Its problem is that it is also Case Study No. 1 in how to offend China’s prickly leadership. Jack Ma, Alibaba’s co-founder and one of China’s richest people, made a speech in October in which he dismissed China’s state-owned banks and financial regulators as stuffy and behind the times. Immediately afterward, all hell broke loose.
First, Mr. Ma disappeared from public view, for what turned out to be a couple of months. Then, government officials abruptly cancelled the blockbuster debut on public markets of Alibaba’s payments affiliate, Ant Group Co. Ltd., when its initial public offering was only days away from raising a world-record US$37-billion in November. Soon afterward, regulators announced an anti-monopoly investigation into Alibaba.
In April, Beijing slapped the company with a US$2.8-billion penalty for abusing its market dominance. On top of that, Chinese regulators announced a “rectification program” for Ant that will require the payments provider to curtail its headlong expansion into consumer lending and wealth management.
Among the government-ordered remedies, Ant must now apply for licences to become a financial holding company. This implies the company’s financial services division will now be regulated as a bank, with much tighter restrictions and capital requirements than Ant faced as a tech company.
Beijing’s motivation for doing all of this is open to debate.
One line of thinking holds that China’s leadership fears the rising power of its domestic tech elite. If so, the recent crackdown may be intended to send a message to Alibaba and other Chinese technology superstars, such as Tencent Holdings Ltd. and Baidu Inc. , that government still holds the upper hand and dissent won’t be tolerated.
Another view maintains that the crackdown on Alibaba reflects the same concerns about tech monopolies that every advanced nation is now confronting. Viewed this way, Beijing is quite right to be concerned about how Ant can use its dominance in payments processing to gain unrivalled insight into customers’ personal finances and then use that information to expand into areas such as consumer lending, leaving traditional banks out in the cold.

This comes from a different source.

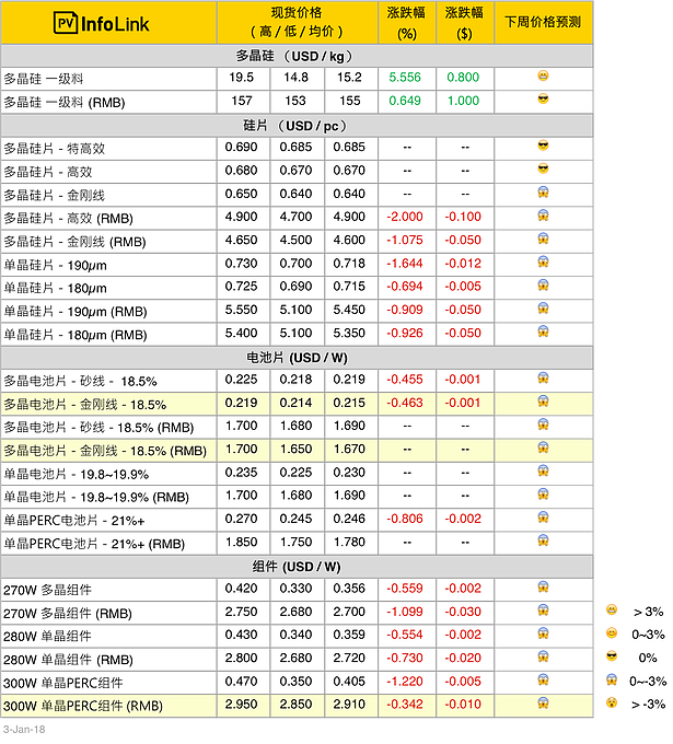 整體而言,需求從2017年上海光伏展開始一路暢旺至年底,然2018年度的淡季將至,市場對需求的看法已逐漸轉(zhuǎn)為保守看待,價格可能再從下游傳導回上游,再次出現(xiàn)再次出現(xiàn)整體供應鏈跌價的走勢。

But whatever the rationale, the crackdown by Beijing has cast a long shadow – which is why it may turn out to be an excellent buying opportunity. BABA, the Alibaba share receipts that trade in New York, have slid from a hair under US$310 last October to US$213.72 at Tuesday’s close.
Some of the decline in value is justified by the Chinese government’s new restrictions, especially when it comes to Ant Group, which is 33 per cent owned by Alibaba. Valuing Ant as a highly regulated bank rather than as a tech company will slash its perceived worth to a fraction of the US$320-billion it was valued at last October.
There is still a lot to like about Alibaba, though, starting with the fact that it is growing sales at an astonishing clip for such a large company. Its revenue in the first quarter surged 64-per-cent higher than a year earlier, to US$28.6-billion. The purchase of a supermarket chain, Sun Art, helped drive the increase, but the company says its sales would have grown an impressive 40 per cent year-over-year even without the acquisition.
To be sure, Alibaba broke a long record of profitability by reporting a loss of US$836-million in the quarter. However, the loss was entirely the result of Beijing’s US$2.8-billion fine. The company’s own in-house measure of profitability, which excludes the fine and certain other items, stood at US$4-billion for the quarter, up 18 per cent from a year earlier.
Given its rapid growth and history of profitability, Alibaba’s valuation looks quite reasonable at about 26 times earnings. By comparison, Amazon.com Inc. shares change hands for more than 60 times earnings.
The big question mark? What happens next in Alibaba’s spat with Beijing.
There are grounds for optimism on that score. Beijing chose to fine the company a stinging but not injurious amount, which presumably indicates it does not intend to inflict lasting harm so long as the company co-operates. For his part, Daniel Zhang, Alibaba’s chief executive, has accepted its penalty “with sincerity” and promised to ensure future compliance “with determination.” And Mr. Ma is being seen in public again – although only in controlled situations.
The political risks around the company suggest no one should make Alibaba the core holding in their portfolio. But its attractive valuation and growth prospects suggest it should be on many investors’ radar as a risky but tantalizing speculation.